Sunday, January 21, 2007

The Business of Blogging Software

I started in 2007 resolute in my vow to never become a blogger. All that changed last week in my SJSU course on entrepreneurship, when the topic was business models.

Since my own research is about open source business models, I thought I'd offer students an example of a current startup pursuing a business model that includes open source. For my technology strategy class, I've explicitly taught my current research on open source business models, but that's more detail on open source than appropriate for this class.

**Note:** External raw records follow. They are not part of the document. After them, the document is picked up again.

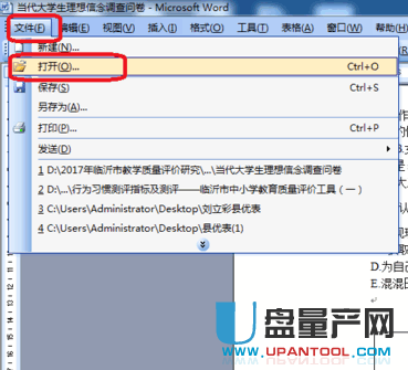 4、再点击word软件菜单栏中的【文件】→【打开】→【单击选择你需要打开的文件(请不要双击直接打开)】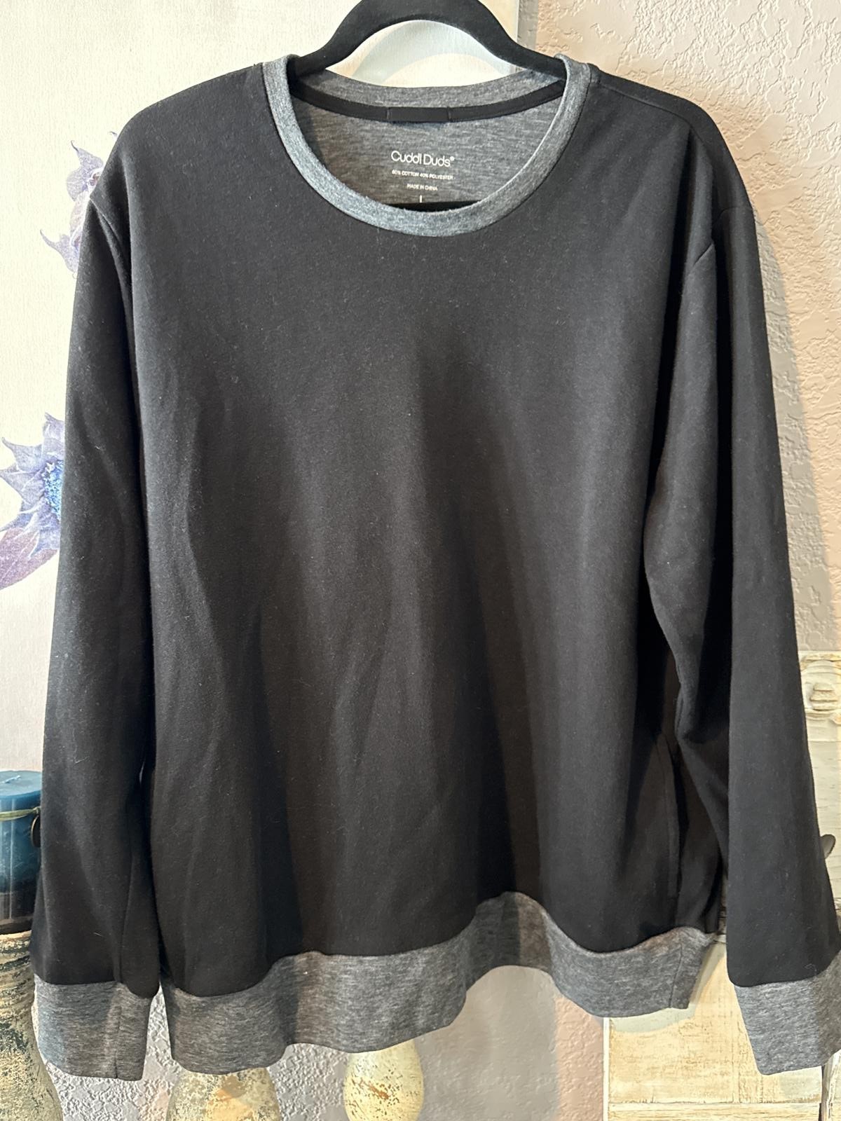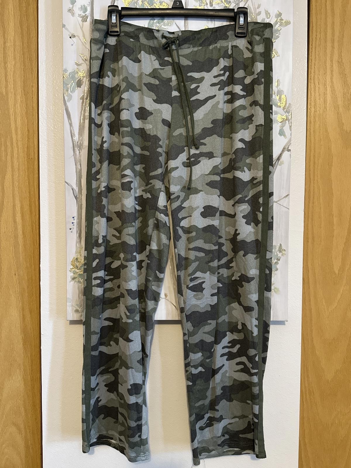 Cuddl Duds Black and Gray Long Sleeve Top with Camouflage Lounge Pants Set SizeL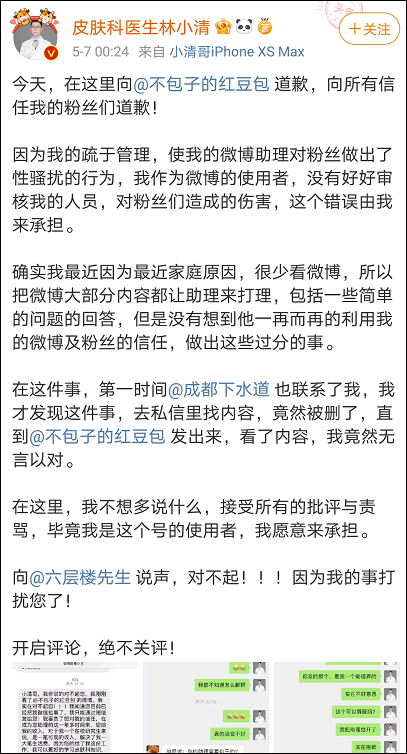 事件引發關注後,@皮膚科醫生林小清 7日凌晨道歉稱:“因為我的疏於管理,使我的微博助理對粉絲做出了性騷擾的行為,我作為微博的使用者,沒有好好審核我的人員,對粉絲們造成的傷害,這個錯誤由我來承擔。”

For Saturday's class, my idea was to look at the wiki or blogging software companies that release their software as open source. By Friday, I'd signed up for 5 free services — 2 for wikis and 3 for blogs. I also created 3 blogs on 2 services. I thought trying the software would be a good way to learn about the business (or at least that was my rationalization).

[Wikipedia]My original interest was piqued by Wikia, the company co-founded by Jimbo Wales using the MediaWiki technology developed for Wikipedia. As a speaker at the Wikimania conference last August, I heard Wales talk about his company and its 2006 relaunch.

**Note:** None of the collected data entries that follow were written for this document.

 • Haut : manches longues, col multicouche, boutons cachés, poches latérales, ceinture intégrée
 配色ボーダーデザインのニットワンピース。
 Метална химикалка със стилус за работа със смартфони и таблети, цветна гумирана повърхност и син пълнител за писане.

The problem is, does Wikia have a business model? I study this sort of thing for a living, and right now I just don’t get it. Of course I like open business models, but if you don't capture value somehow, how do you pay the bills? (And are banner ads alone enough?)

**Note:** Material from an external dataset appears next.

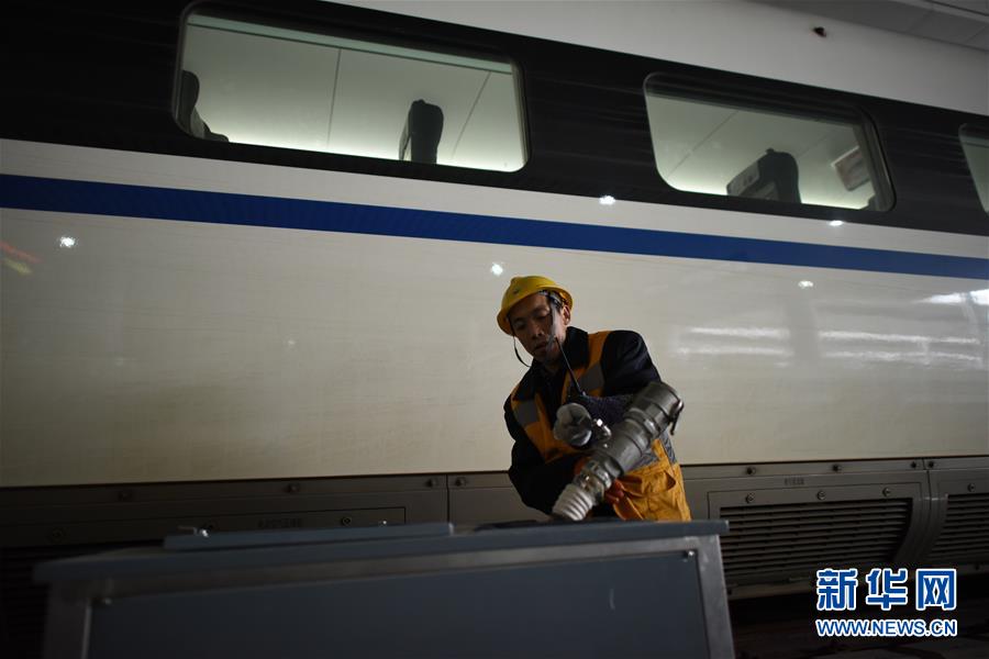 2月22日,一名队员在为动车组吸污。在高铁贵阳北站,每当动车组停下就有一群身穿黄色工作服的给水吸污员飞快地奔走在各个站台股道间,为动车组提供用水、处理厕所污物。正是这些工作人员的辛勤劳动换来了乘客舒适、方便的旅行空间。新华社记者 刘续 摄

So I spent a day checking out various wiki and blogging startups, including the two (JotSpot and Pyra Labs) purchased by Google. As a teaching case, I decided to use Socialtext, because at least their revenue model is pretty clear.

What did we conclude? The exit strategy here is tricky; 5 years from now there isn't going to be a stand-alone blogging software market and probably not one for wikis either. This is all an economies of scope play (as defined by Panzar & Willig back in the 1970s).

Now that Google has one of each, are they done buying? And once MSN and Yahoo have dance partners, what will happen to the remaining belles of the ball? It doesn't sound like a Cinderella ending.

3 comments:

Michael Ashley said...

Relying on advertising revenue alone is a sketchy profit model, especially for internet businesses. I remember, in 2000, when the economy took a dive and advertising spending went down the tubes, Internet companies like surfline.com and surfmaps.com stopped giving away free information and implemented subscription models and database publishing models to generate revenues.

Today advertising spending has been inscreasing tremendously and internet companies are starting to forget that dependence on ad revenue alone can be a wild ride.

Joel West said...

Michael,

Thanks for elaborating on a point that I implied but did not explain. I agree 110% about the risks of an advertising-only model. Many companies wiped out when the street price of banner ads came crashing down. :-)

For a company trying a new and unproven market, a diversification of revenue models (product vs. service, commercial vs. consumer etc.) is an important way of making sure there are not resources to live to fight another day.